Permission from the EU Commission: the federal government can support Uniper with billions

Status: 12/20/2022 8:47 p.m

The nationalization has already been decided and approved, and aid payments have now also been allowed: the federal government can save the gas supplier Uniper with up to 34.5 billion euros. His bankruptcy might have triggered a chain reaction.

The federal government can support the ailing gas importer Uniper with up to 34.5 billion euros. The EU Commission has approved the aid, announced the competition authorities. Specifically, according to the EU Commission, this involves an immediate capital increase of eight billion euros. In addition, a further capital increase of up to 26.5 billion euros is planned until 2024.

The exceptional situation in Uniper’s financial position and liquidity goes back to the Russian war of aggression against Ukraine and the subsequent interruption in gas supplies, the EU Commission said in justification. At the same time, the measures contained the necessary precautions to limit distortions of competition.

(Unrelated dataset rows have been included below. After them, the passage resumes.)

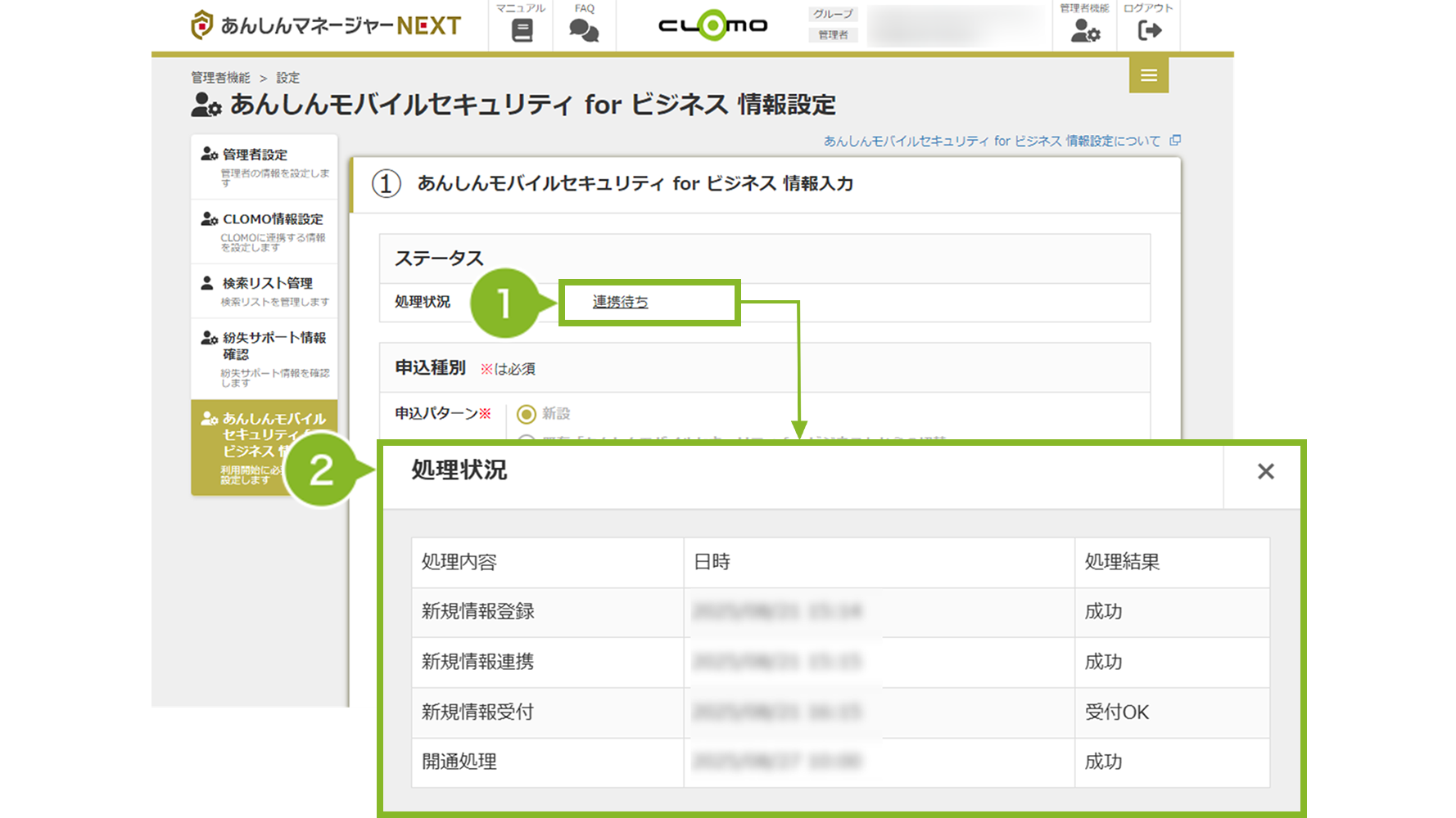あんしんモバイルセキュリティ for ビジネス情報を登録すると、処理状況に応じてステータスが変化します。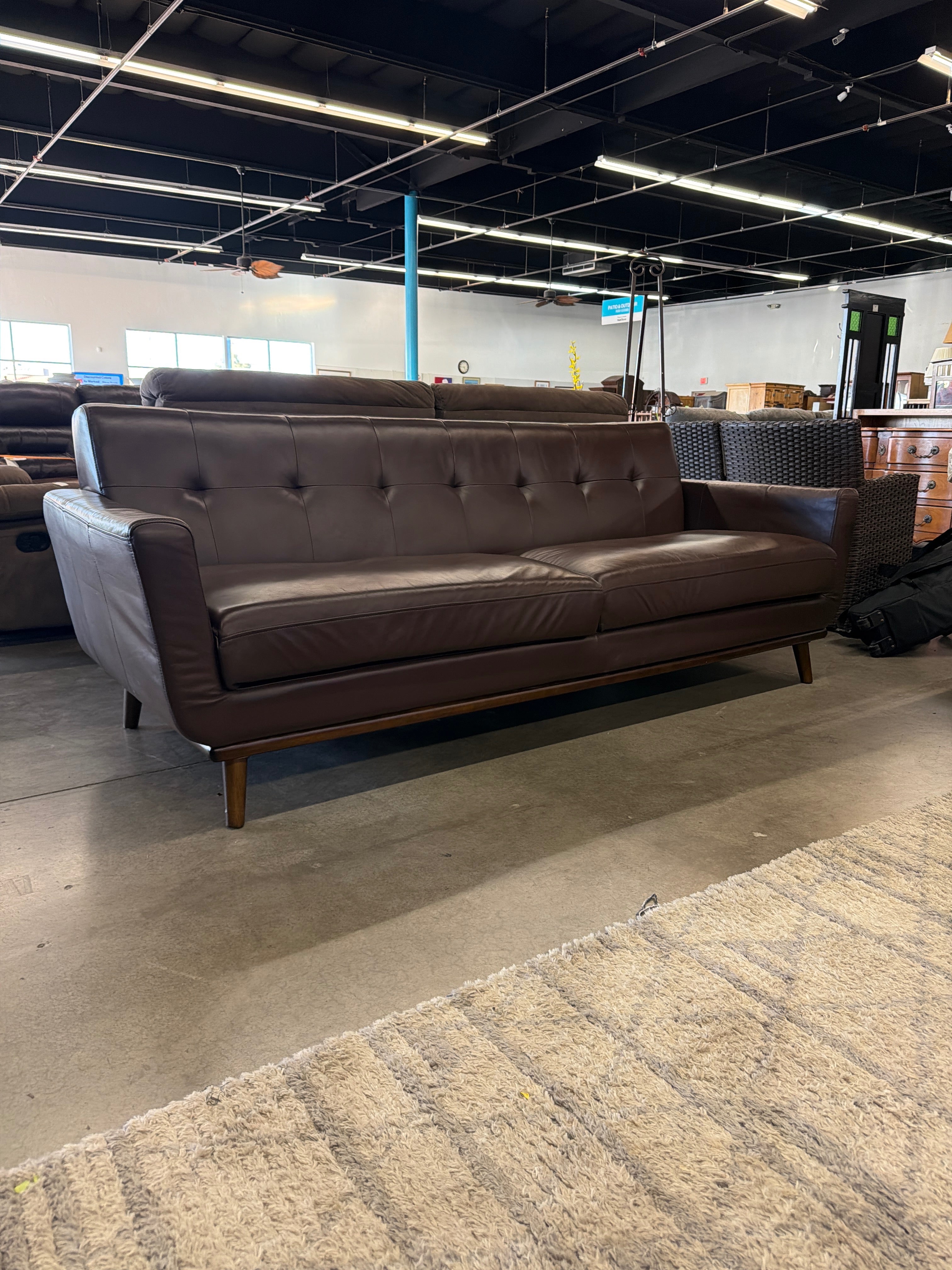 This sleek and stylish sofa features a rich brown leather finish, providing a sophisticated look for any living room. The durable leather upholstery is complemented by tufted back cushions and sturdy wooden legs. Approximate Size: 2.5 x 7 x 3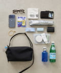 500mlペットボトル×2本、折り畳み傘、B6ノート、化粧ポーチ、お財布、パスケース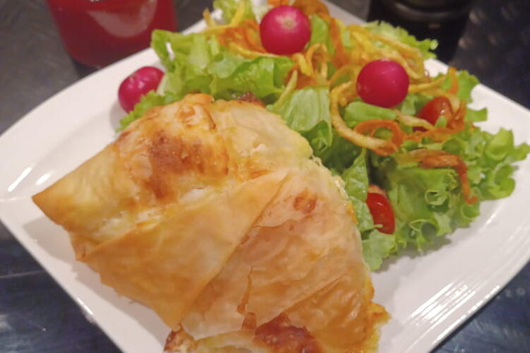 A warm appetizer served with a green salad! I only received compliments. Once the recipe is mastered, it is easy to make. I prepare it every Sunday.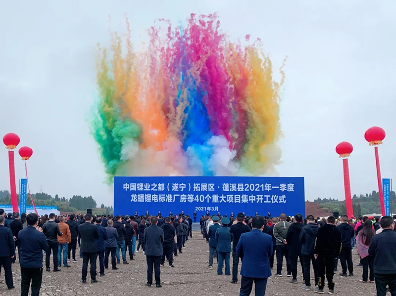 3月22日上午,中國鋰業(yè)之都(遂寧)拓展區(qū)·蓬溪縣2021年一季度龍?bào)翠囯姵貥?biāo)準(zhǔn)廠房等40個(gè)重大項(xiàng)目隆重舉行集中開工儀式。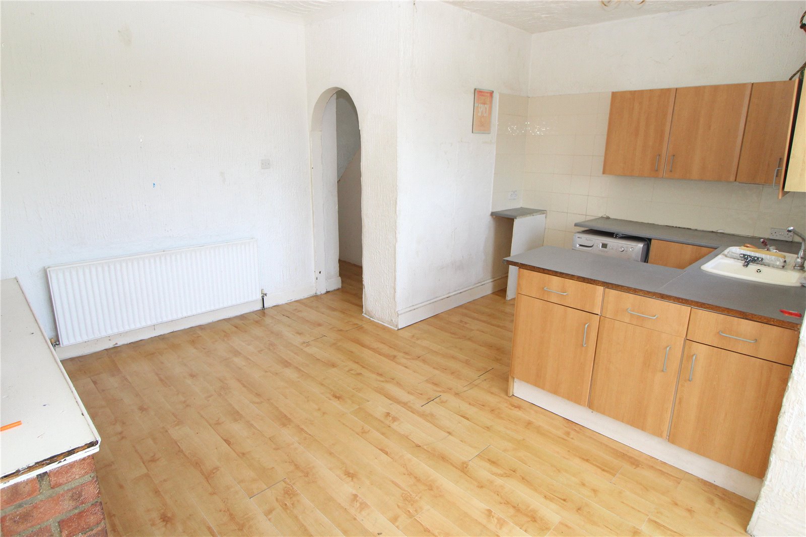 Upvc double glazed french doors to the rear aspect with windows adjacent. The kitchen is fitted with a range of base units with roll edge work surfaces incorporating a single drainer sink. Further matching wall mounted storage units. Space for oven. Space and plumbing for washing machine. Feature fireplace to the dining area.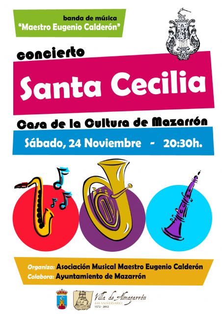 La banda de música de la Asociación Musical "Maestro Eugenio Calderón" celebrará su tradicional concierto en honor a Santa Cecilia el próximo sábado 24 de noviembre, a partir de las 20:30 horas en el nuevo edificio de la Casa de la Cultura de Mazarrón. Durante el concierto tendrá lugar el acto de bienvenida a los nuevos músicos de la banda, con la imposición del pin con el escudo de la asociación a cada uno de ellos. La entrada al concierto es totalmente gratuita. Esta actividad cuenta con la colaboración del Ayuntamiento de Mazarrón.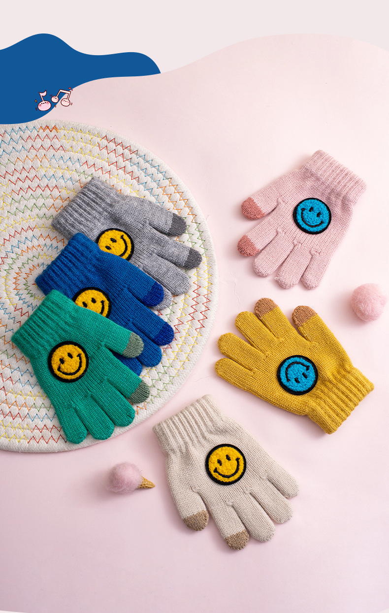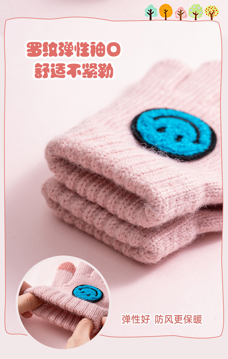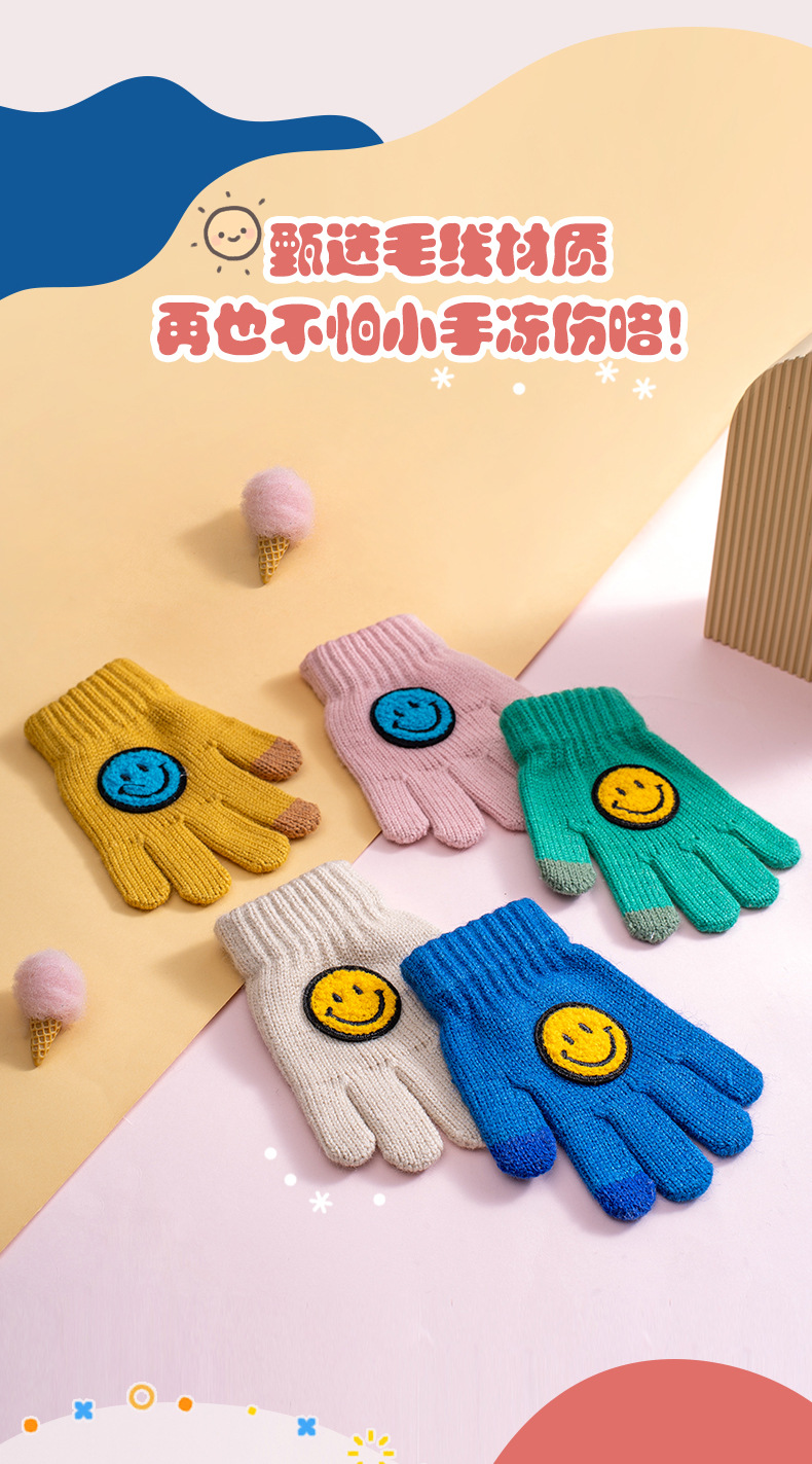 가을과 겨울 어린이 장갑 소녀 방한 소년 따뜻한 스마일 다섯 손가락 아기 니트 귀여운 양모 장갑 유행스토어 가기
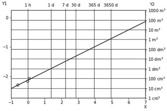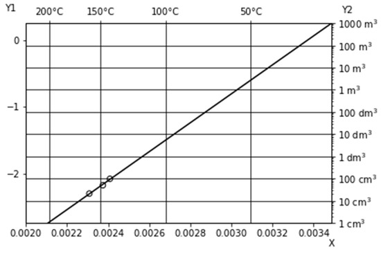 where is the ratio of volume to the area, is temperature, is the base of the natural logarithm, and are fit constants. For the purpose of fitting, (3) was log-transformed to represent the form of the linear dependence of the logarithm of on inverse temperature. This approach was widely used in the investigations, according to EN 15188, as well as in research papers [33,34,35,36]. The fitting was conducted using the Python [37] Numpy polyfit routine [38].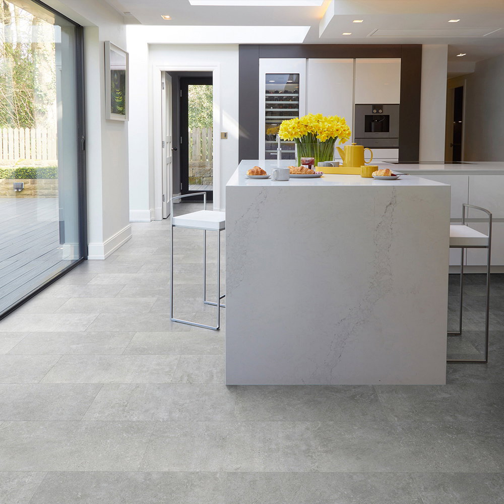 Introducing the Camaro Rigid Core PUR- Tribeca Cement, a stunning luxury interlocking vinyl flooring tile from Polyflor’s SPC collection. This high-design flooring solution is perfect for all home interiors, providing both durability and style.

The Commission had already agreed on Friday that Uniper can be nationalized. Uniper’s shareholders had also voted in favor of nationalization.

Aid is intended to prevent the domino effect

Uniper got into trouble because of the Russian gas supply stop, which caused prices to multiply. The company has to buy the missing gas from Russia more expensively on the market in order to fulfill old supply contracts, which leads to liquidity problems.

From January to September, Uniper made a net loss of 40 billion euros, the highest loss of a listed German company since the founding of the Federal Republic.

The supplier supplies around 500 German municipal utilities and another 500 large industrial companies with gas. Insolvency would probably have triggered a domino effect, which would also have caused difficulties for numerous customers. Because if an energy supplier fails, municipal utilities usually step in. However, since Uniper counts these regional basic suppliers among its customers, they too would falter. They would have to source the natural gas elsewhere at higher prices. The costs passed on would in turn burden millions of households and many companies.